**PROBLEM STATEMENT**
Copy all data exactly. Skip pictures.

**DATA EXTRACT**

*****

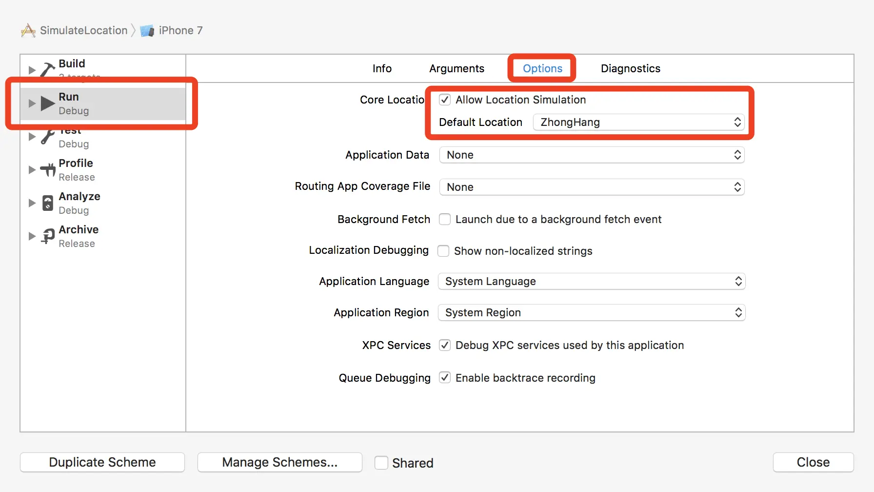 真机运行一个新建的空的iOS项目,把上面我们新建的gpx文件拖到工程里,配置一下Scheme,然后真机运行即可。
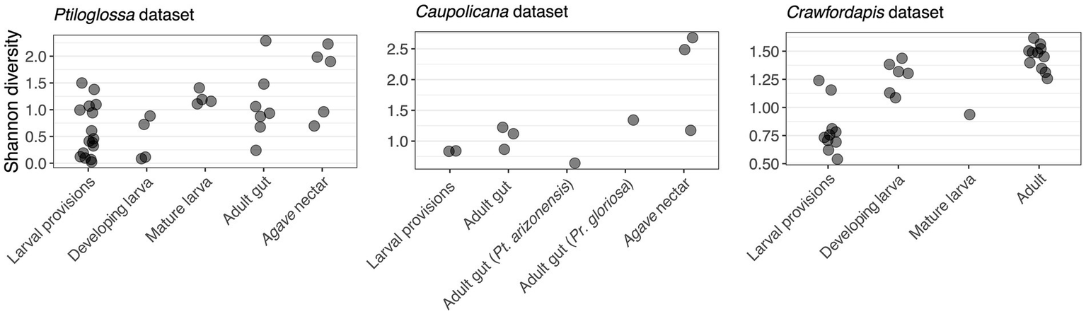 Figure 3. Shannon diversity, a measure of alpha diversity, of bee and nectar-associated bacterial communities. Each point represents a unique sample. In the Caupolicana dataset, all samples are of Caupolicana yarrowi unless otherwise noted.
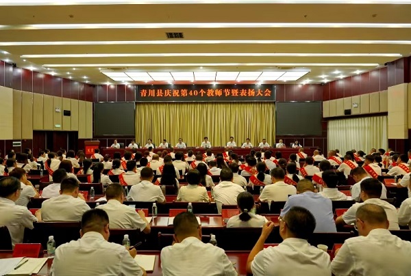 9月10日,青川县庆祝第40个教师节暨表扬大会在行政中心召开。表扬2023至2024学年度教育质量突出单位和优秀个人,激励全县广大教师和教育工作者,躬耕教坛、无私奉献、勇争一流,推动全县教育事业再上新台阶、再创新辉煌。县委书记李方甫出席会议并讲话,县人大常委会主任张国辉出席会议,县委副书记李磊主持会议,县委副书记李毅出席会议。
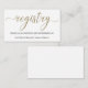 Simples elegância. Linda caligrafia acentuou-se com um falso efeito de brilho dourado. O uso de um formato de cartão de visita comunica fácil e eficientemente o registro de presentes.

*****

**YOUR SOLUTION**
 真机运行一个新建的空的iOS项目,把上面我们新建的gpx文件拖到工程里,配置一下Scheme,然后真机运行即可。
 Figure 3. Shannon diversity, a measure of alpha diversity, of bee and nectar-associated bacterial communities. Each point represents a unique sample. In the Caupolicana dataset, all samples are of Caupolicana yarrowi unless otherwise noted.
 9月10日,青川县庆祝第40个教师节暨表扬大会在行政中心召开。表扬2023至2024学年度教育质量突出单位和优秀个人,激励全县广大教师和教育工作者,躬耕教坛、无私奉献、勇争一流,推动全县教育事业再上新台阶、再创新辉煌。县委书记李方甫出席会议并讲话,县人大常委会主任张国辉出席会议,县委副书记李磊主持会议,县委副书记李毅出席会议。
 Simples elegância. Linda caligrafia acentuou-se com um falso efeito de brilho dourado. O uso de um formato de cartão de visita comunica fácil e eficientemente o registro de presentes.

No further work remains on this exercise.